My last post about relapses and remissions got me thinking about when I was newly diagnosed MS. I was always nervous, like there was a monster riding around on my shoulder and I never knew when he was going to attack me. Relapses are unpredictable, which didn’t exactly jive with my type-A-plan-everything-ahead-of-time personality. I decided that even if there wasn’t anything I could do to control whether my relapses occurred at the time that was most convenient for me, then at least I could do a few things to prepare. Having a few “survival supplies” on hand at all times puts my mind at ease a bit. After all preparedness is next to godliness (that’s a saying right?)!
My husband eats more than any human being I’ve ever met. He has to have a hollow leg or something because he’s also unfairly tall and skinny. I’m waiting for him to consent to an MRI so I can investigate this theory….but anyway! Food. I’m constantly trying to stock our fridge full of food which usually requires a couple grocery trips a week and some Costco runs here and there. So needless to say that when I’m laid up food is the first thing that causes rioting in the streets. I keep at least a weeks worth of easy meals in the pantry and freezer should I not be able to grocery shop.
As an example I always have on hand:
Rice & pasta
Pasta sauce (yes- jarred sauce even though my italian roots cringe at that fact)
Frozen meats- chicken, beef, fish
Frozen pasta sauces and soups
Alright, so I know we won’t starve- phew! Next I just simply make sure we are never down to one roll of toilet paper or anything like that, easy enough!
Then I thought about how to prepare for needing a course of IV steroids. I keep some Pepcid in the medicine cabinet just in case of emergency so I can take them to help the GI symptoms. I also keep some ibuprofen PM to help me fight the insomnia and get some sleep.

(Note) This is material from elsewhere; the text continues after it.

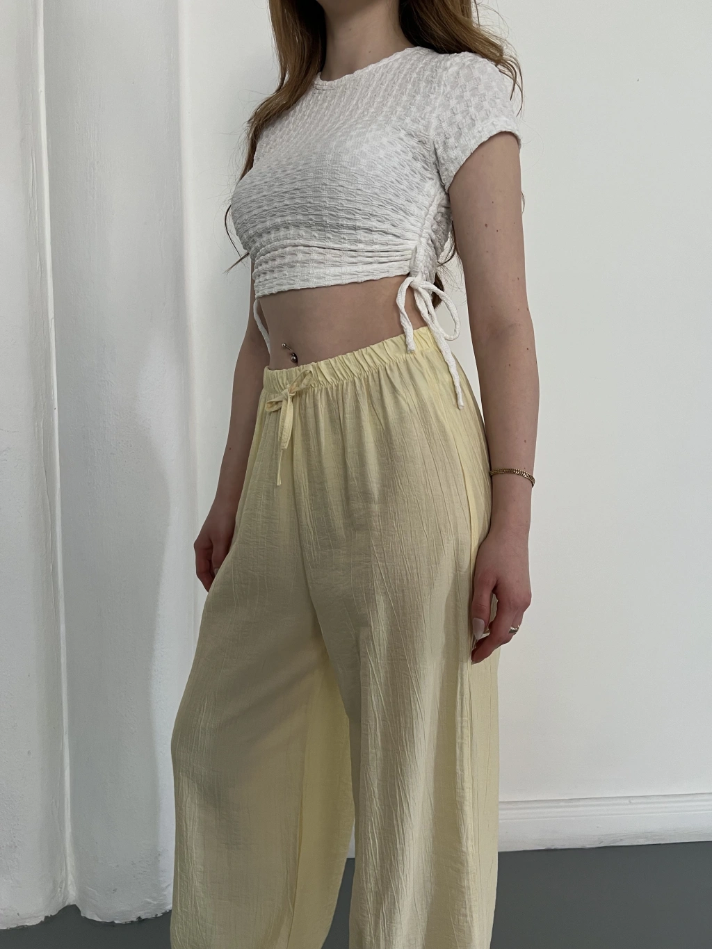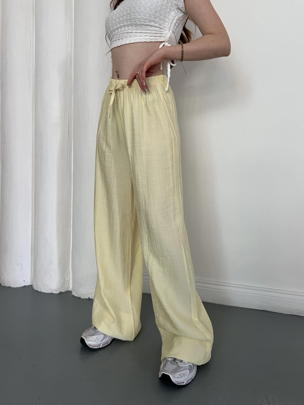 Çilek Kumaş Yüksek Bel Rahat Kalıp Pantolon Sarı

Next I suggest making a list of who you will reach out to in case of emergency. My fiancé is excellent at stepping up in times of need, but he’s a doctor-in-training so sometimes he can’t leave the hospital and get home or over to whatever hospital I’m admitted to. The second time I had to go to the hospital I knew he wouldn’t be able to get over to me so I quickly deployed the mom army. Both of our moms are only a few hours away and I know I can count on them to come to rescue. They did all my errands and stocked my fridge with homemade meals, it was a godsend! I have friends that are closer too that I could call on as reinforcements. Just try to think and plan ahead…if you have to go to the hospital or if you have a relapse who can watch your pets? Your house? Run to the pharmacy for you? If you don’t have friends and family around it may be a good idea to network through you local MS Society chapter and make some friends who also have MS. I know people who have done that and they act as each other’s bad day/relapse buddies.